*DATA SHOWN*.

[Start of section]

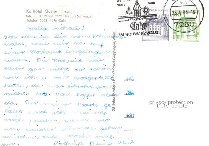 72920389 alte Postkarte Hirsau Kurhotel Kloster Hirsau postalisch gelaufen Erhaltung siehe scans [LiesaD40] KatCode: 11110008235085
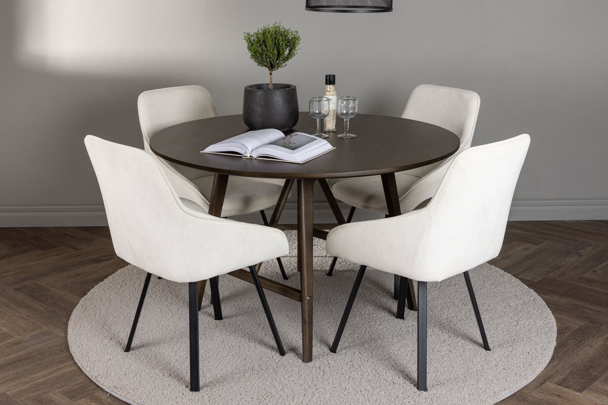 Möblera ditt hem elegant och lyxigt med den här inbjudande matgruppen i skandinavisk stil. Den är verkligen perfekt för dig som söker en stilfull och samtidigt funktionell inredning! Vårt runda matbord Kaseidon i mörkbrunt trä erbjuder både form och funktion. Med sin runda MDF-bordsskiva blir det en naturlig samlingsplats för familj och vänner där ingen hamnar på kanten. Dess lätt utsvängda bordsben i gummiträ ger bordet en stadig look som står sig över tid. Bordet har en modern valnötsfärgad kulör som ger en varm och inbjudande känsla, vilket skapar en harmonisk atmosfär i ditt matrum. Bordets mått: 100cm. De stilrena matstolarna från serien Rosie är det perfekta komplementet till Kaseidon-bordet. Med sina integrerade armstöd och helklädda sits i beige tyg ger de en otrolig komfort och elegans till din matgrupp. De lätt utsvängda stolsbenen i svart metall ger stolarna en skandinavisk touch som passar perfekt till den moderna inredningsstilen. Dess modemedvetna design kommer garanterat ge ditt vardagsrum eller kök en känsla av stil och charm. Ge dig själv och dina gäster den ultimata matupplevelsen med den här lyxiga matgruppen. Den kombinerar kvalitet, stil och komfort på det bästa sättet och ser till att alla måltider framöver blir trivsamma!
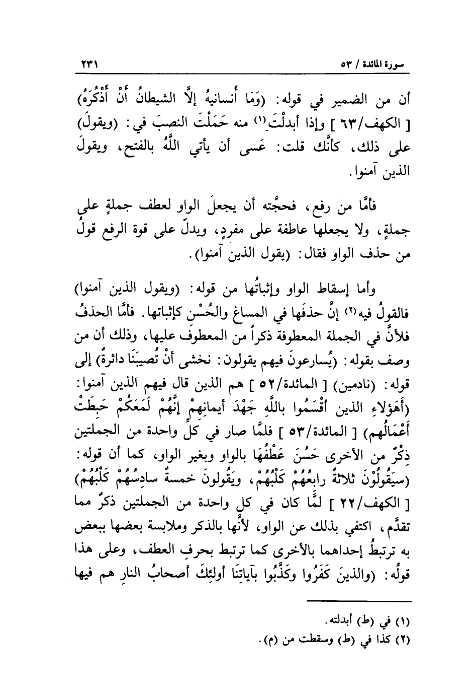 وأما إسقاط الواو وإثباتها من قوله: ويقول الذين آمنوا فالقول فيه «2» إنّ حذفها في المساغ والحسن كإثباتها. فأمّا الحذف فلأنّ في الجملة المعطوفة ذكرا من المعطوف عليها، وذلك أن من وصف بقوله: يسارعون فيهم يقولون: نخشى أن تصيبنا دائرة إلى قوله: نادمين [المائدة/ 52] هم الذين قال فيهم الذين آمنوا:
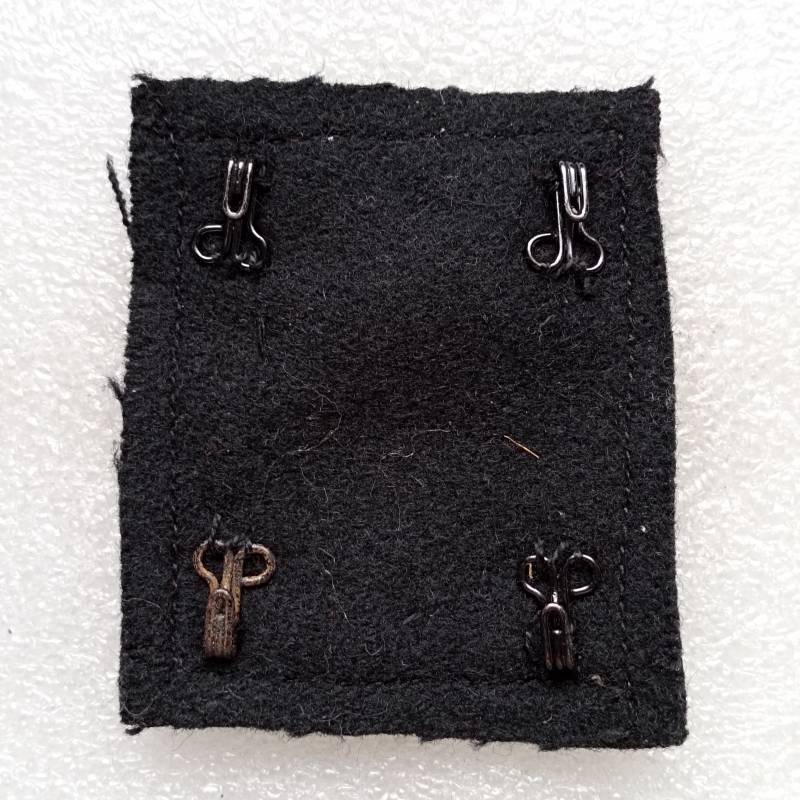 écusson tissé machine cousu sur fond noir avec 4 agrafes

[End of section]

*WORK TASK*.
Word for word, please, restate the lines of the listing from the one holding "وأما إسقاط الواو" down to the last line, leaving out any pictures.

*TASK RESPONSE*.
 وأما إسقاط الواو وإثباتها من قوله: ويقول الذين آمنوا فالقول فيه «2» إنّ حذفها في المساغ والحسن كإثباتها. فأمّا الحذف فلأنّ في الجملة المعطوفة ذكرا من المعطوف عليها، وذلك أن من وصف بقوله: يسارعون فيهم يقولون: نخشى أن تصيبنا دائرة إلى قوله: نادمين [المائدة/ 52] هم الذين قال فيهم الذين آمنوا:
 écusson tissé machine cousu sur fond noir avec 4 agrafes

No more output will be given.